Dienstagnachmittag, Kickboxtraining: Mein Coach strahlt zur Begrüßung und faltet die Zeitung mit der Headline „Flüchtling flüchtet …“ zusammen. „Is ja auch egal, näch, die saufen ja eh alle irgendwann ab bei den billigen Kreuzfahrten, he he, ob nun hier oder in Afrika.“ Er zeigt auf das Foto mit dem Schlauchboot vor der italienischen Küste, grinst mich an und steckt die Trillerpfeife zwischen die Zähne. Rainer, 37 Jahre und von Beruf Unmensch.
Mittwoch zwischen Knust und Hanseplatte: „Alter, diese ganzen Flaschensammler hier, noch eine Frage nach meiner leeren Pulle und ich zieh denen richtig eine. Ich kann das nicht mehr ertragen, dieses Volk. Immer diese glupschigen Kuhaugen, als hätte auch nur einer hier Mitleid.“ Ich sitz auf dem Platz mit dem beknacktesten Namen der Stadt, LATTENPLATZ. Plötzlich schreit er eine Flaschensammlerin aus voller Kehle an: „Verpiss dich, du widerliche Kuh oder ich reiß dir den Arsch auf.“ Hipsterhippie aus Barmbek, 28 Jahre und von Beruf Arschloch.

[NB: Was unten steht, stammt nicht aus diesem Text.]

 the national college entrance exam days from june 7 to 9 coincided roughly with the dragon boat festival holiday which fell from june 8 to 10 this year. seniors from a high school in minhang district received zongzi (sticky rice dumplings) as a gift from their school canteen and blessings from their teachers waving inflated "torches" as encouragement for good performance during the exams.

Wochenende, Pushnachrichten: „Ausgerechnet an meinem 69. Geburtstag“, der Mann grinst mit sadistischer Vergnüglichkeit, „sind 69, das war von mir nicht so bestellt, he he, Personen nach Afghanistan zurückgeführt worden. Das liegt weit über dem, was bisher üblich war. Äh, der vorvorletzte Flug war mit zehn.“ Vollhorst Seehofer, Schlimmerminister und von Beruf Barbar.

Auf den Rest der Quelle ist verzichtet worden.